TASK TO COMPLETE: Copy exactly the lines of the records below, starting at the line that contains "Как же мы будем" and continuing through the last line, both included; omit any pictures.

LISTED ENTRIES:
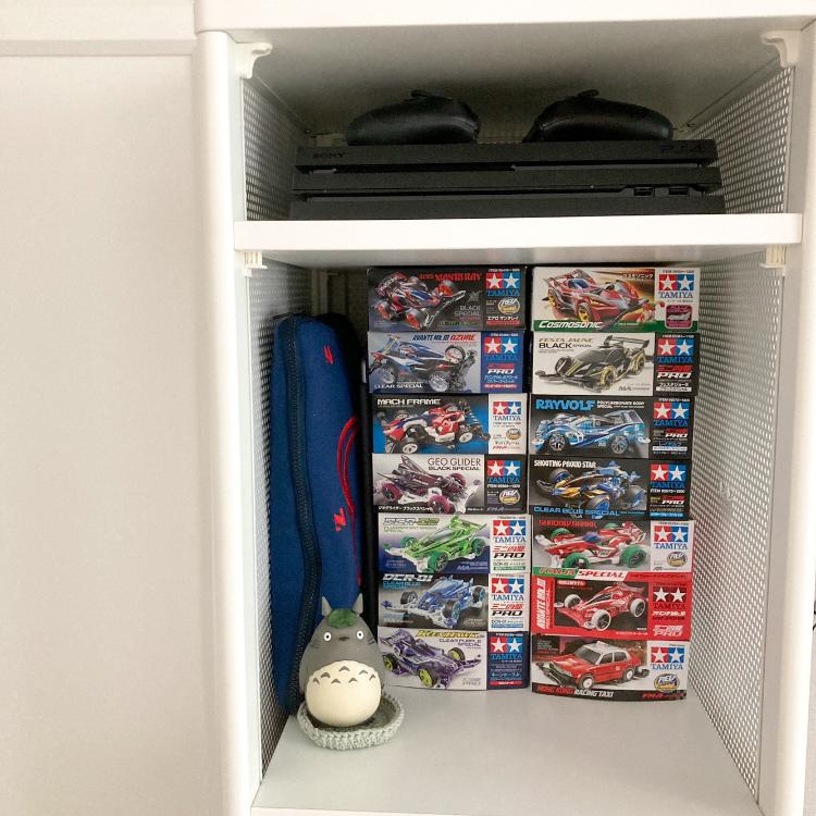 여기는 TV 옆 수납장으로 나름의 문화 존이에요 :) 남편의 플레이스테이션 게임기와 취미로 하고 있는 미니카, 그리고 노트북과 아이패드가 보관되어 있습니다.
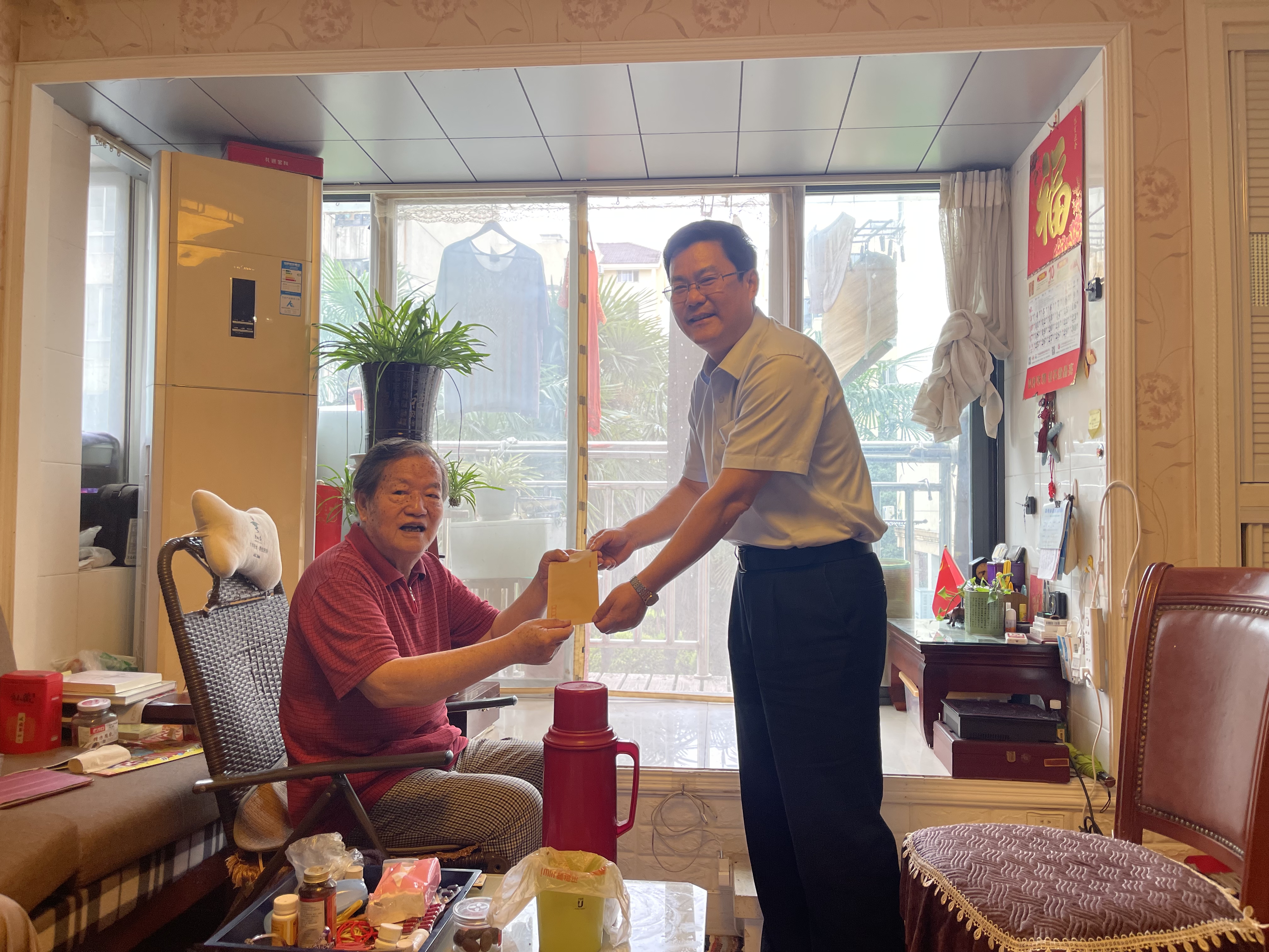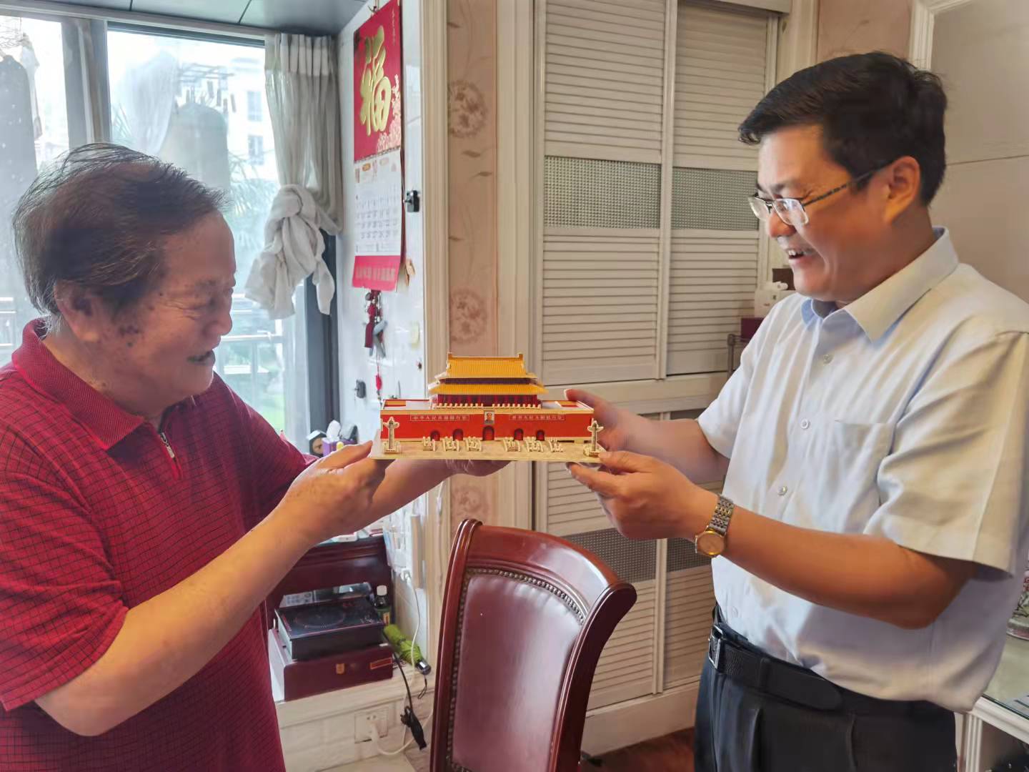 10月14日,公司党委委员、纪委书记、工会主席夏亚军带队,先后慰问离休干部卫洪彬和王克勤同志,与老干部们促膝长谈、共话家常。今年恰逢建党一百周年,卫老现场展示了自己亲手制作的天安门模型,以此表达对党的深厚感情;王克勤同志今年已有90岁高龄,在交流过程中分享了冬泳健身的心得体会,现场气氛十分祥和。夏亚军书记认真听取他们对水司工作的意见和建议,代表公司党委送上了节日慰问。对因病、因故不便登门探视的离休老干部,公司领导通过电话致意,向他们送去节日的祝福和问候。
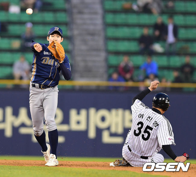 11일 오후 서울 잠실구장에서 열린 '2014 한국야쿠르트 세븐 프로야구' LG 트윈스와 NC 다이노스의 경기 1회말 1사 1루 정의윤의 병살타를 박민우가 2루에서 이진영을 포스아웃 시킨 후 1루로 송구하고 있다.
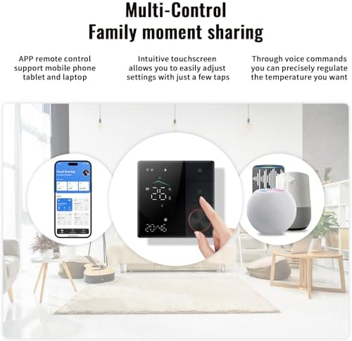 - 【Remote Control & Voice Control】Supports local sharing for multi-terminal control; control and monitor your smart thermostats for home from three aspects: LED touch screen, app, and voice input. Adjust the temperature precisely to your desired level anytime, anywhere, and enjoy seamless connectivity and operation for your smart home
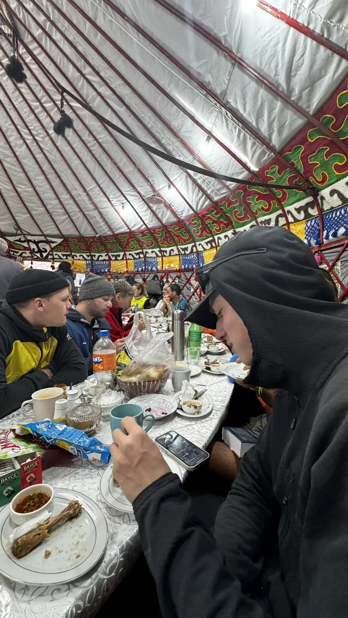 Как же мы будем рады очутиться в лагере, в котором провели 3 дня подготовки к штурму. Здесь и уютные юрты и чай в постоянном доступе. К обеду будем в лагере.
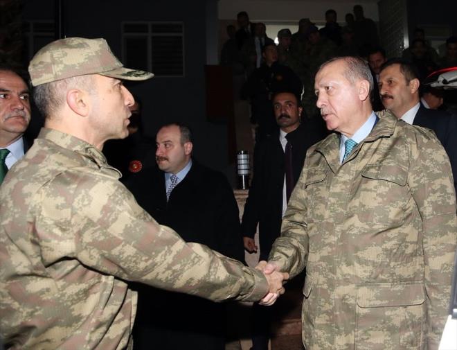 Erdoğan, Zeytin Dalı Harekatı'nın sevk ve idaresinden sorumlu olan 2. Ordu'nun Hatay'daki Harekat Merkezi'nde görev yapan askerlere hitaben yaptığı konuşmada, ulusal güvenliği sağlama nedeniyle Afrin’de gerçekleştirilen operasyonun bölgeyi terör unsurlarından temizlemeyi amaçladığına dikkati çekti.Cumhurbaşkanı Erdoğan, ulvi bir görev icra ettiklerini hatırlattığı askerlere başarı dileklerini de iletti.
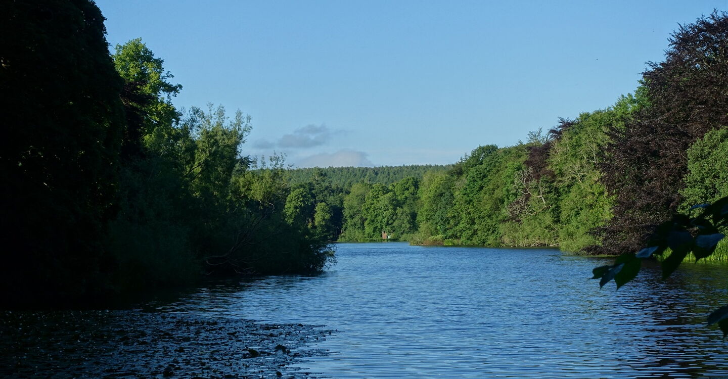 Gut 100 m hinter dem Schlosstor erreichen wir den 02 Loch of Fyvie (60 m) mit seinen Schwänen, Blesshühnern, Stockenten und Teichhühnern. Im Winter gesellen sich noch Graugänse, Reiherenten und Goldenten dazu, mit sehr viel Glück kann man einen Fischadler entdecken. Mächtige Bäume säumen den Pfad links der Straße und farbige Rhododendren sorgen für kontrastreiche Farbtupfer.
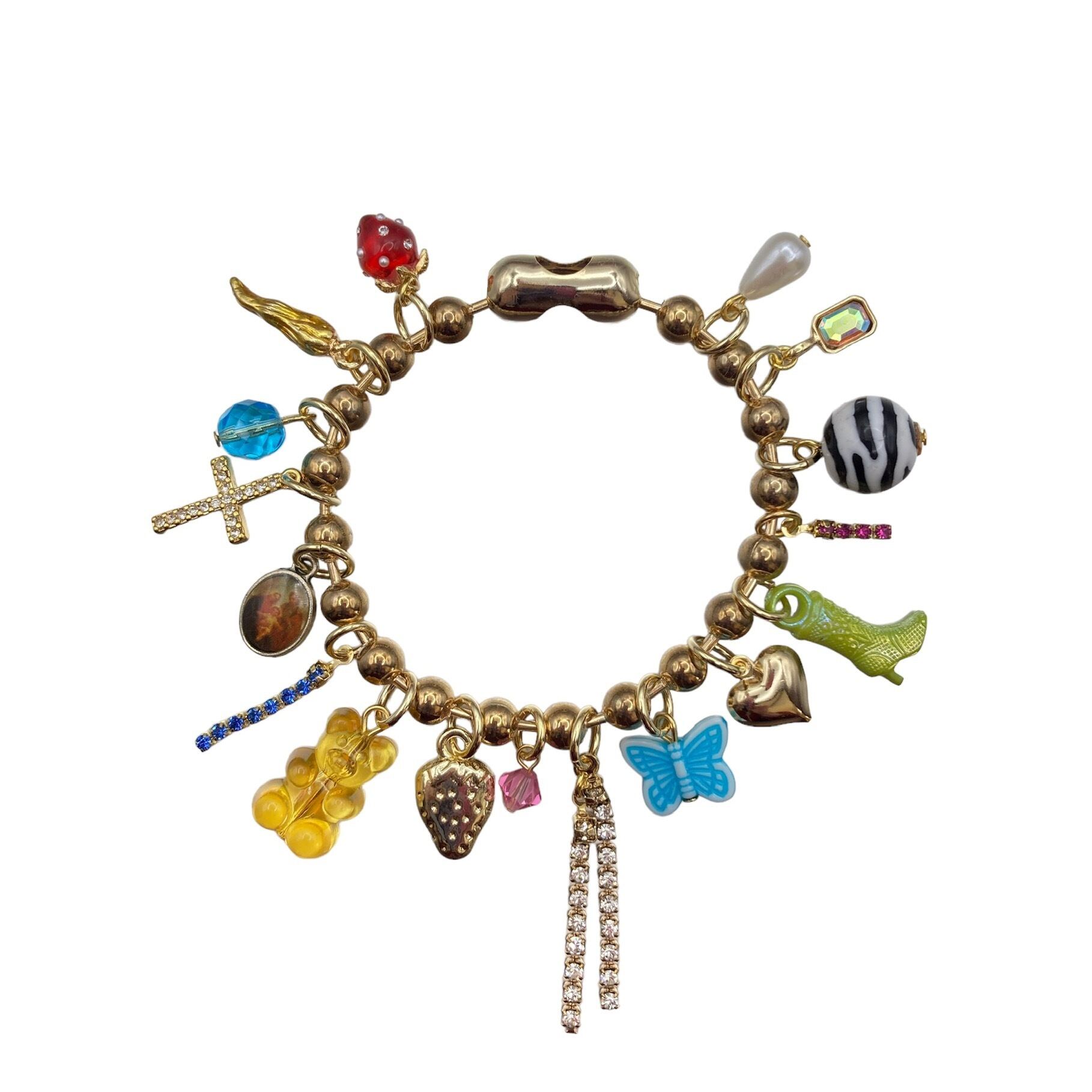 ゴールドの大きなボールチェーンをベースに個性的で可愛いチャームをたくさんつけたブレスレット。
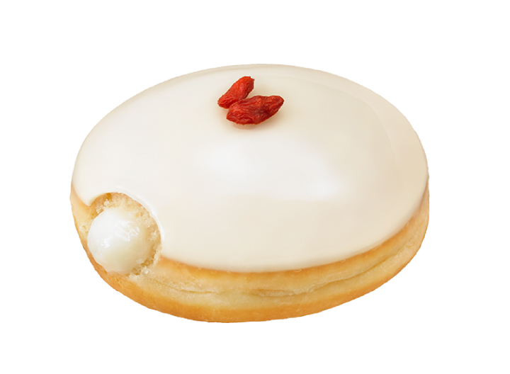 杏仁豆腐の甘く柔らかな味わいを楽しめる、アジアンドーナツ。トゥルンとした口あたりの杏仁が香るクリームを入れて、ツヤツヤの杏仁風ナパージュでミルキーなホワイトチョコをつつんだよ。クコの実のトッピングがアクセント!

ANSWER TO THE EXERCISE:
 Как же мы будем рады очутиться в лагере, в котором провели 3 дня подготовки к штурму. Здесь и уютные юрты и чай в постоянном доступе. К обеду будем в лагере.
 Erdoğan, Zeytin Dalı Harekatı'nın sevk ve idaresinden sorumlu olan 2. Ordu'nun Hatay'daki Harekat Merkezi'nde görev yapan askerlere hitaben yaptığı konuşmada, ulusal güvenliği sağlama nedeniyle Afrin’de gerçekleştirilen operasyonun bölgeyi terör unsurlarından temizlemeyi amaçladığına dikkati çekti.Cumhurbaşkanı Erdoğan, ulvi bir görev icra ettiklerini hatırlattığı askerlere başarı dileklerini de iletti.
 Gut 100 m hinter dem Schlosstor erreichen wir den 02 Loch of Fyvie (60 m) mit seinen Schwänen, Blesshühnern, Stockenten und Teichhühnern. Im Winter gesellen sich noch Graugänse, Reiherenten und Goldenten dazu, mit sehr viel Glück kann man einen Fischadler entdecken. Mächtige Bäume säumen den Pfad links der Straße und farbige Rhododendren sorgen für kontrastreiche Farbtupfer.
 ゴールドの大きなボールチェーンをベースに個性的で可愛いチャームをたくさんつけたブレスレット。
 杏仁豆腐の甘く柔らかな味わいを楽しめる、アジアンドーナツ。トゥルンとした口あたりの杏仁が香るクリームを入れて、ツヤツヤの杏仁風ナパージュでミルキーなホワイトチョコをつつんだよ。クコの実のトッピングがアクセント!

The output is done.